• **Aim of the exercise**
Leave out all pictures while repeating the records exactly and completely.
========================================================================
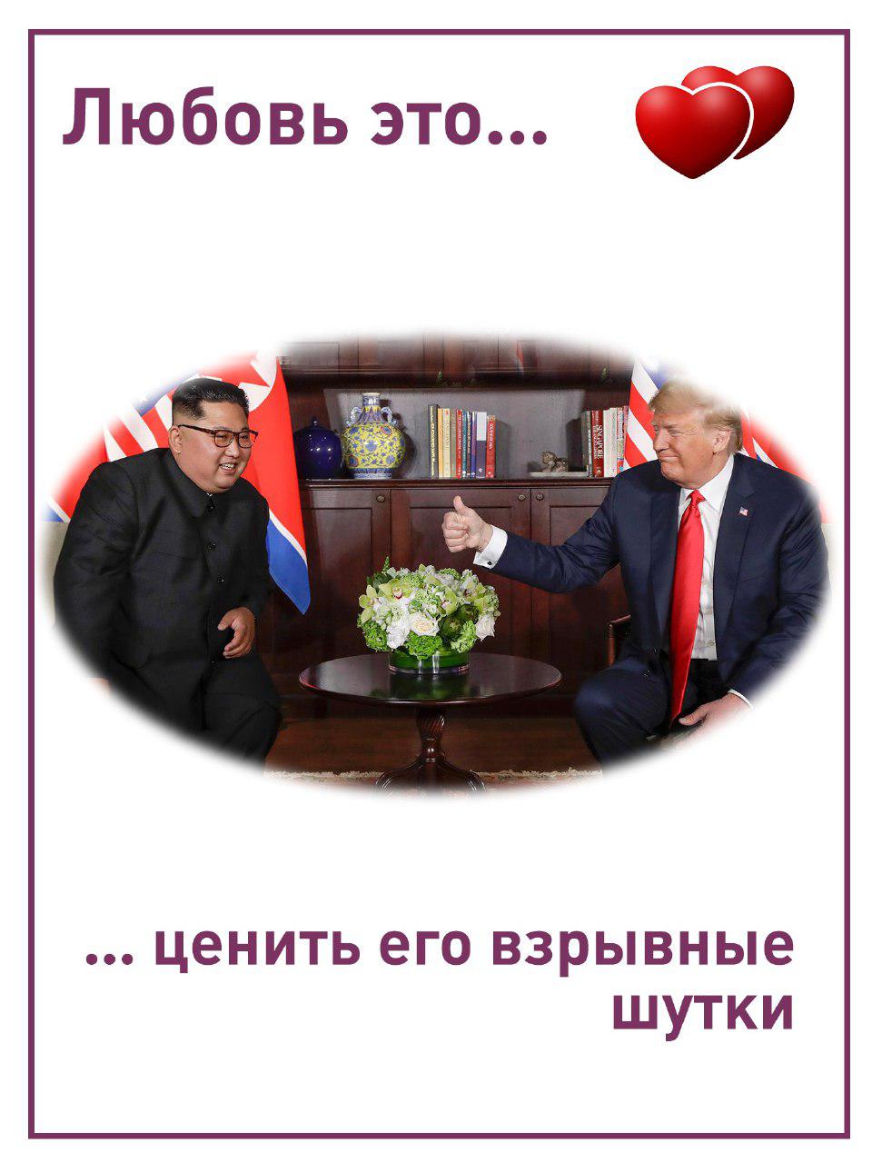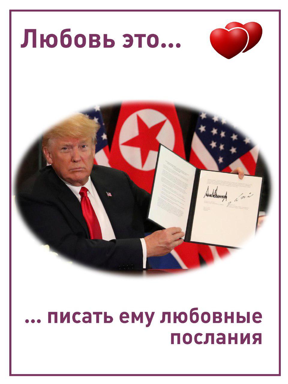 Тим часом видання "Лентач" показало, як виглядали б стосунки Трампа і Кім Чен Ина, якби вони були героями вкладишів популярної жвачки Love is.
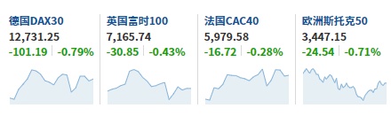 2. 截至发稿,德国DAX指数跌0.79%,英国富时100指数跌0.43%,法国CAC40指数跌0.28%,欧洲斯托克50指数跌0.71%。
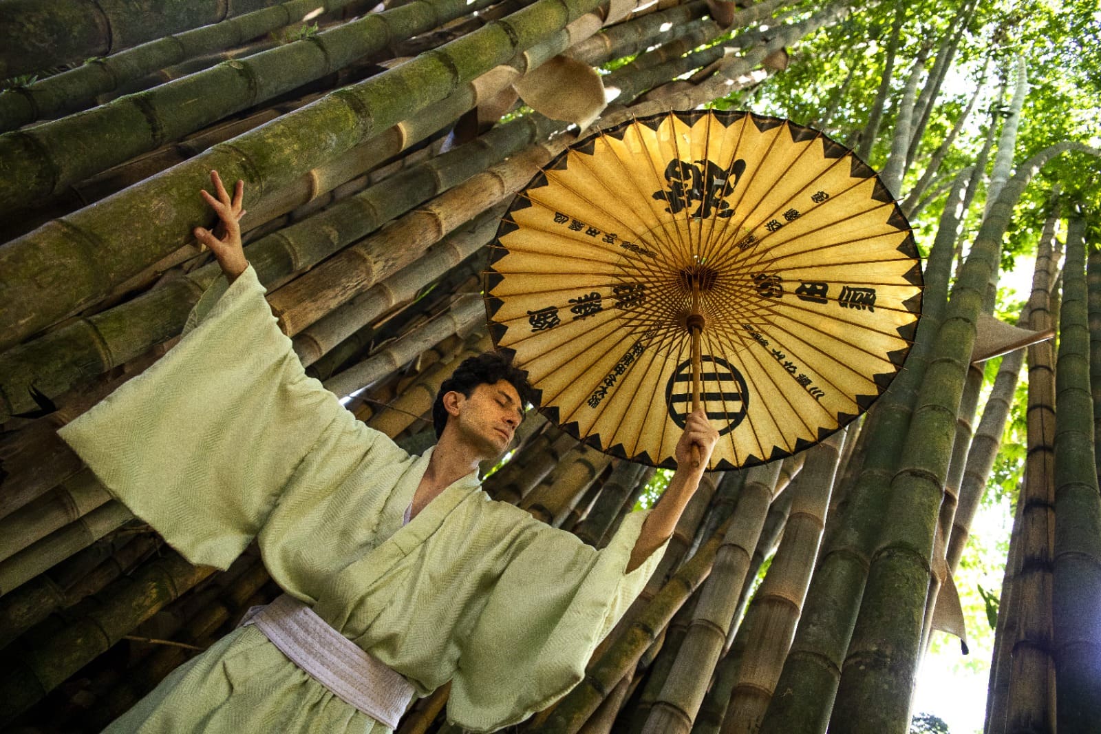 A encenação utiliza elementos simbólicos da cultura nipônica e referências do teatro e da dança Kabuki. As coreografias apresentadas em cena são assinadas pela diretora de Teatro Kabuki Fujima Yoshikoto, de 83 anos. A narrativa também revisita a história familiar do ator, com destaque para as relações com a avó e a bisavó maternas, ligadas ao processo migratório japonês no Brasil.
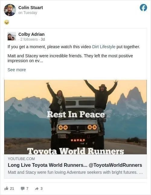 他们于7月31日上传了最后一部YouTube视频,距离去世仅一周时间。在这段近一小时的视频中,两人记录了在温哥华岛的越野之旅。
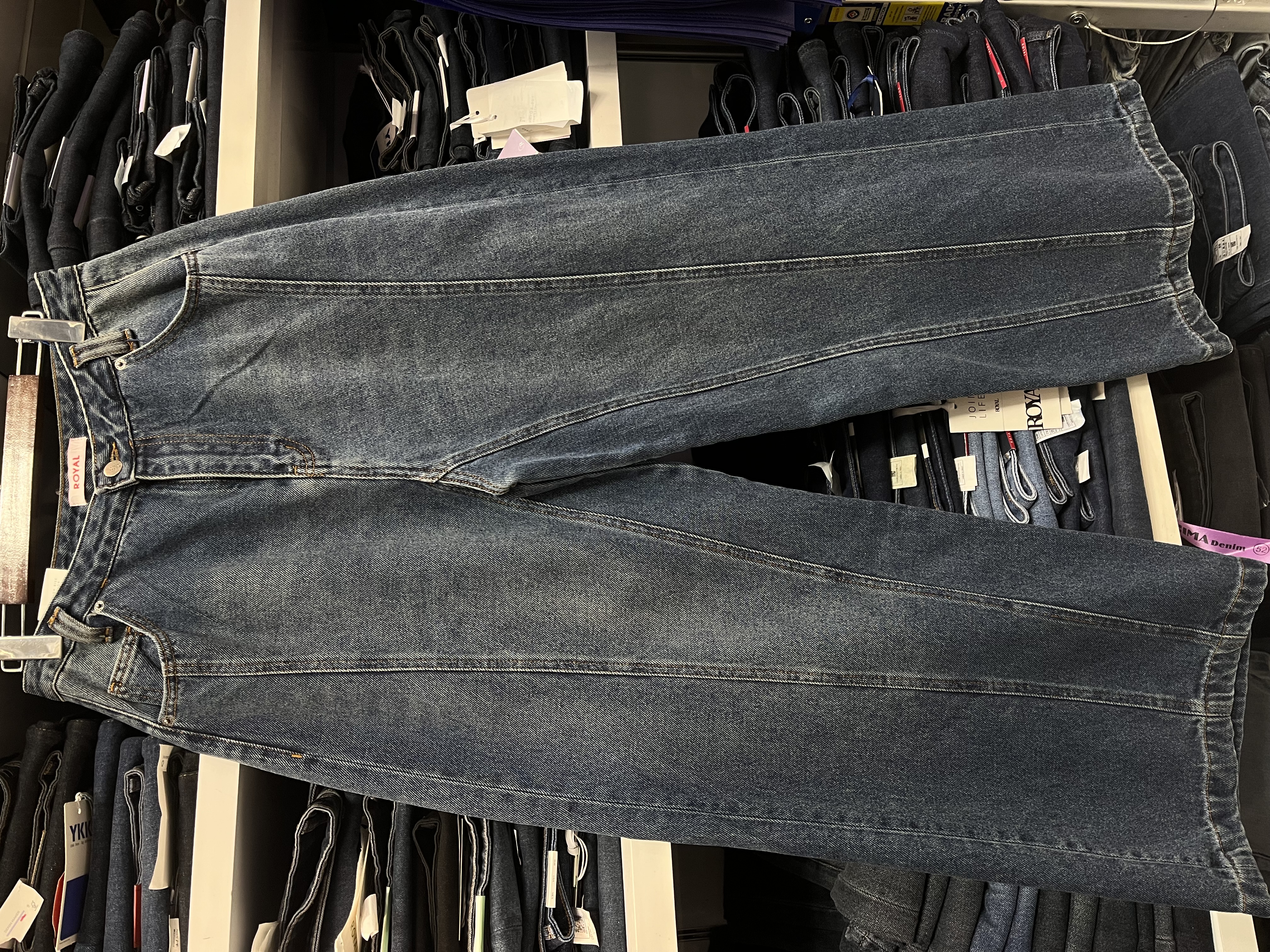 شلوار جین زنانه راسته آبی تیره کثیف(استریت لاین) جک پات ریزشی رویال جین royal jeans
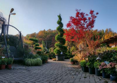 Nálunk megtalálja a fák, cserjék, örökzöldek, bonsai formára nyírt óriás növények, sövénynövények, virágok, vízi és vízparti növények mellett, a kerámia, műanyag cserepek, virágföldek, növénytápok, műtrágyák, kerti bútorok, öntöző berendezések, kerti dekorációk, rózsakapuk széles választékát.
========================================================================
• **Result for this exercise**
 Тим часом видання "Лентач" показало, як виглядали б стосунки Трампа і Кім Чен Ина, якби вони були героями вкладишів популярної жвачки Love is.
 2. 截至发稿,德国DAX指数跌0.79%,英国富时100指数跌0.43%,法国CAC40指数跌0.28%,欧洲斯托克50指数跌0.71%。
 A encenação utiliza elementos simbólicos da cultura nipônica e referências do teatro e da dança Kabuki. As coreografias apresentadas em cena são assinadas pela diretora de Teatro Kabuki Fujima Yoshikoto, de 83 anos. A narrativa também revisita a história familiar do ator, com destaque para as relações com a avó e a bisavó maternas, ligadas ao processo migratório japonês no Brasil.
 他们于7月31日上传了最后一部YouTube视频,距离去世仅一周时间。在这段近一小时的视频中,两人记录了在温哥华岛的越野之旅。
 شلوار جین زنانه راسته آبی تیره کثیف(استریت لاین) جک پات ریزشی رویال جین royal jeans
 Nálunk megtalálja a fák, cserjék, örökzöldek, bonsai formára nyírt óriás növények, sövénynövények, virágok, vízi és vízparti növények mellett, a kerámia, műanyag cserepek, virágföldek, növénytápok, műtrágyák, kerti bútorok, öntöző berendezések, kerti dekorációk, rózsakapuk széles választékát.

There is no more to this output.